During the reign of Antoninus Pius, coins depicting the emperor and his wife Faustina the Elder clasping hands together emerged. These coins frequently feature depictions of the deity Concordia, which Ellison argues likely functioned as propaganda intended to publicize the "harmony of marriages in the imperial familia." This perception of the Imperial couple as exemplifying harmony began to influence Roman wedding customs, with one inscription from Ostia decreeing that all newlywedded couples were mandated to sacrifice at statues of Antoninus and Faustina due to their concordia ("ob insignem eorum concordia"). The historian Cassius Dio records that, in 176 CE, the Senate decreed that silver statues of Marcus Aurelius and Faustina the Younger were to be erected at the Temple of Venus and Roma and all newlyweds were required to perform sacrifices. According to the historian Peter Brown, such depictions caused the perceived concordia of a marriage to become viewed as a representation of broader civic order. German historian Ernst Kantorowicz argued that the notion of concordia in the Roman marriage was a relatively late development in Roman history, noting that—during the rape of the Sabine women—the grooms did not clasp hands with the bride, but instead grabbed her by the wrist. However, Kantorowicz suggests that, partially due to influence from the Stoic concept of homonoia, the idea of social and political unity, the wedding ceremony was recontextualized as a conduit for demonstrating concordia.

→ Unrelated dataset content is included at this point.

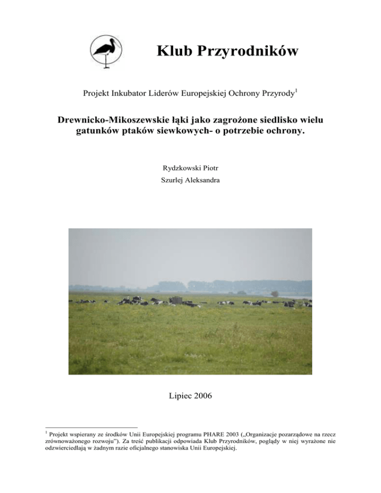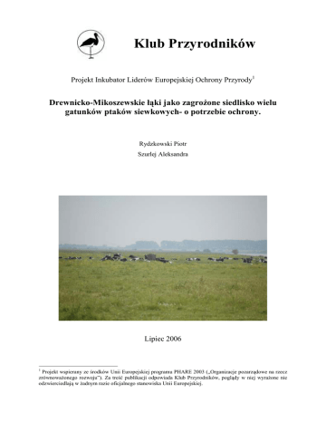 Klub Przyrodników Projekt Inkubator Liderów Europejskiej Ochrony Przyrody1 Drewnicko-Mikoszewskie łąki jako zagrożone siedlisko wielu gatunków ptaków siewkowych- o potrzebie ochrony. Rydzkowski Piotr Szurlej Aleksandra Lipiec 2006 1 Projekt wspierany ze środków Unii Europejskiej programu PHARE 2003 („Organizacje pozarządowe na rzecz zrównoważonego rozwoju”). Za treść publikacji odpowiada Klub Przyrodników, poglądy w niej wyrażone nie odzwierciedlają w żadnym razie oficjalnego stanowiska Unii Europejskiej. SPIS TREŚCI 1. Wstęp…………………………………………………………………………………. 3 2. Charakterystyka obiektu: Drewnicko-Mikoszewskie łąki……………………………. 5 2.1 Położenie obiektu……………………………………………………………………. 5 2.2. Ptaki i ich siedliska w obrębie łąk położonych między Drewnicą a Mikoszewem……………………………………………………………………………….6 2.2.1. Siedliska…………………………………………………………………………… 6 3. Ocena obiektu………………………………………………………………………… 7 3.1. Ocena zmian środowiskowych i awifauny na badanym obszarze................................ 7 4. Szczegółowe wymagania siedliskowe ptaków charakterystycznych dla łąk i pastwisk…………………………………………………………………......................9 5. Podstawowe wytyczne użytkowania łąk i pastwisk…………………………………. 12 6. Jakie podjąć działania na Łąkach Drewnicko-Mikoszewskich……………………….14 7. Wnioski końcowe…………………………………………………………………......18 8. Literatura...................................................................................................................... 20 2 WSTĘP 1. Wstęp Podmokłe łąki są istotnymi siedliskami dla wielu rodzimych gatunków roślin, ptaków, bezkręgowców, szczególnie na terenach nizinnych, gdzie biotopy pół- naturalne są nieliczne. Cechami charakterystycznymi łąk podmokłych jest: przewaga traw niskich, jako wynik regularnego użytkowania polegającego na wykaszaniu i/lub wypasie, okresowe zalewnie lub wysokie zwierciadło lokalnych wód gruntowych. Wszystkie te cechy stwarzają dogodne warunki dla gniazdowania i żerowania wielu gatunków ptaków. Takie obszary są również bardzo ważnymi „przystankami” na trasie wędrówek ptaków. Podmokłe łąki są również istotne ze względu na łagodzenie skutków powodzi, gdyż magazynują wody powodziowe, utrzymują poziom wód gruntowych zatrzymując wodę na terenie zlewni co umożliwia uzupełnianie wód gruntowych. Wysoki poziom wód gruntowych jest niejednokrotnie czynnikiem warunkującym występowanie pewnych gatunków ptaków. Większość europejskich łąk podmokłych powstała w wyniku działalności człowieka na skutek wycinania lasów, osuszania terenów bagiennych, tworzenia nowych koryt rzecznych. Tak przekształcone tereny sprzyjały tworzeniu się nowych ekosystemów. Obszary te upodobały sobie w szczególności ptaki siewkowate i blaszkodziobe. Wyróżniane są następujące typy łąk podmokłych: - nadrzeczne łąki i pastwiska zalewowe, - łąki i pastwiska zalewowe brzegów jezior, - poldery przeciwpowodziowe- ekstensywne pół-naturalne obszary sąsiadujące z rzekami, - ogroblowane od strony morza przybrzeżne wypasane bagna, - nadmorskie naturalne łąki wybrzeży. Duże znaczenie dla większości łąk ma ich użytkowanie. Sposób użytkowania decyduje o wykształcanie się danego typu łąk, co z kolei wpływa na osiedlanie się określonych gatunków ptaków. Najcenniejsze z przyrodniczego punktu widzenia łąki, to te użytkowane mniej intensywnie rolniczo. Takie łąki cechuje najwyższa różnorodność przyrodnicza. Podmokłe łąki są doskonałym siedliskiem dla lęgów, zimowania oraz migracji wielu gatunków ptaków, przede wszystkim siewkowatych i blaszkodziobych. W przypadku wielu gatunków ptaków obecność ich uzależniona jest od występowania takich właśnie obszarów. 3 Nie użytkowanie lub niewłaściwa gospodarka łąkowo-pastwiskowa jest istotnym zagrożeniem dla występujących populacji ptaków. Odtworzenie siedlisk ptaków po wcześniejszej degradacji terenu jest bardzo trudne oraz wymaga dużo czasu i nakładów pieniężnych. Istotne jest więc nie tylko podejmowanie działań renaturyzacyjnych na obszarach już zdegradowanych ale również działań prewencyjnych na terenach zagrożonych degradacją. Liczba podmokłych łąk w Europie drastycznie maleje. Wybiórczość siedliskowa wielu gatunków ptaków- szczególnie siewkowych sprawia, że nie są one w stanie dostosować się do zmian środowiska i bytować nadal w zmienionych ekosystemach. Do zmian i nowego środowiska bardzo szybko przyzwyczajają się np. mewy. Siewkowate jednak to gatunki bardzo wrażliwe, każda więc zmiana w środowisku niesie za sobą znaczne uszczuplenie ich populacji. Ktoś na pewno powie: cóż, że giną, przeżywa najsilniejszy. Pamiętać jednak należy, że odkąd człowiek zaczął ingerować w przyrodę wycinając lasy, osuszając bagna, odwracając bieg rzek, zaburzył sprawne funkcjonowanie ekosystemów kierowane przez matkę naturę. Przyroda nie może już sama regulować procesów jakie w niej zachodzą. Tak samo jak zaingerowaliśmy w naturę regulując pierwsze rzeki tak samo mamy teraz obowiązek podjąć działania na rzecz zatrzymania degradacji resztek naturalnych ekosystemów. Każdy ginący gatunek przyczynia się do zmniejszania bioróżnorodności świata przyrody który nas otacza i dzięki któremu istniejemy. Wyobraźmy sobie życie na planecie, na której istnieje tylko jeden gatunek- Homo sapiens. Nie ma i nie będzie takiej planety ponieważ niemożliwe jest życie w pojedynke. To

Other deities have served as the pronubus: One coin dated to around 270–275 CE depicts Emperor Aurelian and his wife Ulpia Severina clasping hands underneath a depiction of the sun god Sol Invictus, a god whose Aurelian helped revitalize. Another piece of artwork, discovered on a gold glass vessel dated to around 360–400 CE depicts Hercules standing between a couple and a third art piece also dated to the 4th-century depicts Cupid situated between a couple. Ellison argues that the variety of deities capable of functioning as the pronubus may have reflected the variety of different patron deities each individual Roman may have preferred; Romans may have altered the chosen deity to function as pronubus depending upon the specific boons they hoped to acquire through currying favor with a god.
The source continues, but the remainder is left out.